I don't usually read Stephen King. He is too scary for me. But this was a good book and I'm glad I invested the time to read it.  We all know from the reviews that this is about a high school English teacher who goes through a time portal to stop the assassination of John F. Kennedy.  Spoiler alert - the time portal puts him into the late 1950s so he spends years in the past waiting for Nov. 22, 1963.  So once again I was reading about how much better the past was.  I didn't see Bill Bryson in the bibliography but perhaps Steven King was using his own memories.  Food tasted better, the air was cleaner (hard to believe with all those factories) and life was simpler.  You could even get used to being without the internet!  I don't particularly like the ending, but then, this is Stephen King so I should not have expected a happy ending, should I? Although the ending is happy in its own way. Since I was too young at the time of JFK's death to really remember the impact on the country, I was surprised to read that it tore the country apart. (Here again my daughter seems to think that I should have a clear memory of this time and that might be why these books affected me this way.  Not true, dear, I was little.)  Sadly, I was not surprised at the ineptitude of the government in its dealings with Lee Harvey Oswald.  It is clear that King did a great deal of research for this book and the timing of its release to coincide with the 50th anniversary of JFK's presidency could not have been better.

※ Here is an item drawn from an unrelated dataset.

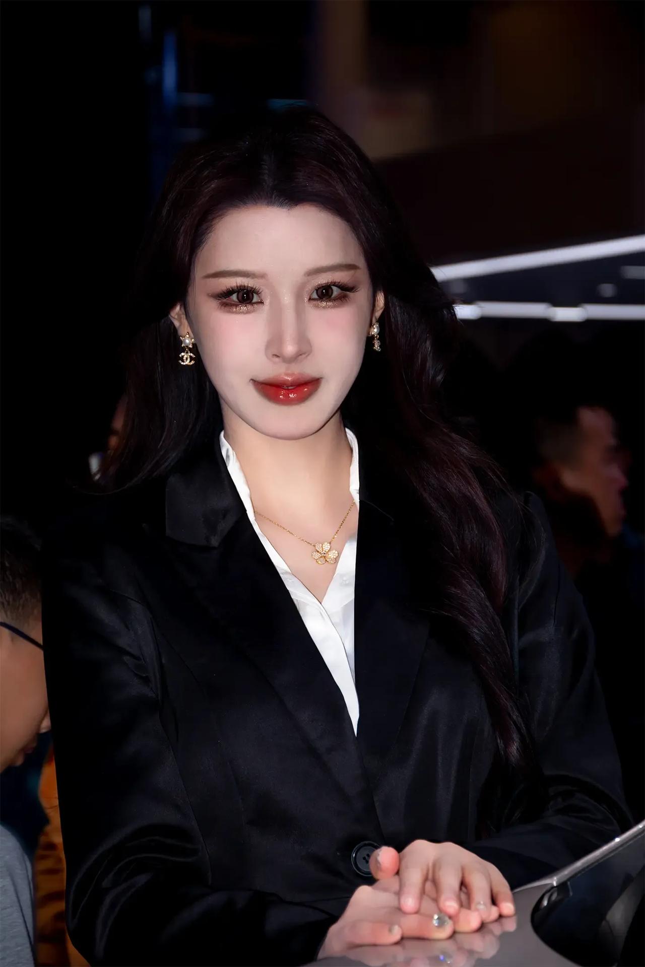 这姑娘穿着黑色西装,看着挺酷的。
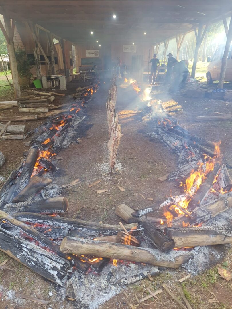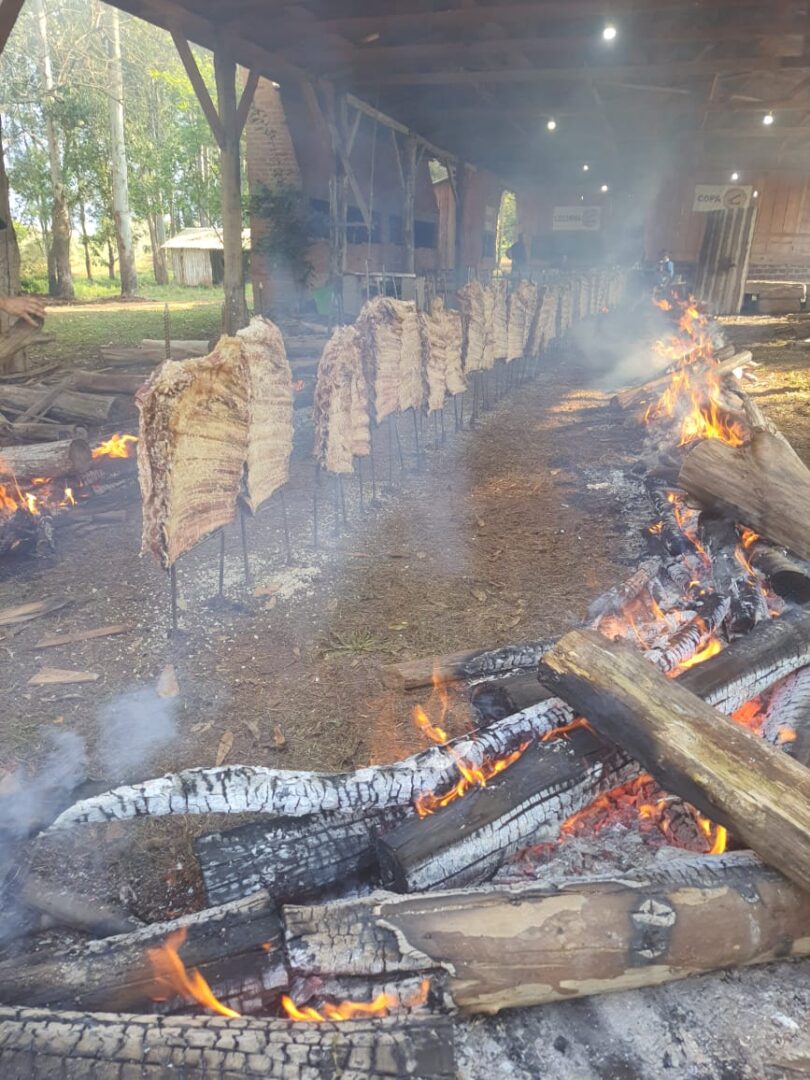 A manhã começou com a celebração da missa no CTG, reunindo famílias em um momento de fé e espiritualidade. Já ao meio-dia, foi servido o tradicional costelão assado no fogo de chão, acompanhado por saladas e um completo buffet de sobremesas, que fez sucesso entre os presentes e destacou a qualidade da gastronomia típica oferecida pelo centro tradicionalista.

Would the world be a different place if Jack Kennedy had lived? For sure. Would it be a better place? We'll never know. But Stephen King certainly gave me a lot to think about.

Next up were Jackie Kennedy's conversations with Arthur Schlesinger recorded in the spring following her husband's death.  That is how she refers to it:  Not when Jack was murdered, not when Jack was assassinated, but when Jack died.  I had just finished reading 900 pages of Stephen King, hoping against hope that Jack Kennedy could be saved (yes, I know in the real world he wasn't).  Perhaps because of that, I felt like JFK had just died.  It felt wrong to even rate the book on Goodreads because it is just so personal.  There were parts of the book, for example when she talks about JFK's relationships with his children and with his brother Bobby, and JFK's back problems and his plans for his life after the presidency, when I just wanted to weep.  And the pictures, oh, the pictures.
On a purely analytical note, this book shows just how much the role of women in their marriages and the role of the president's spouse have evolved in 50 years.  If you are looking for an insight into JFK's presidency, there are better books.  But nothing could make you understand better the impact of his death on his family.  Jackie Kennedy went from being First Lady to being a single mother of two small children needing to find a new home for them in minutes.  I also got a better appreciation of their marriage.  Marilyn Monroe and all the dalliances notwithstanding, for a few short years we all had Camelot.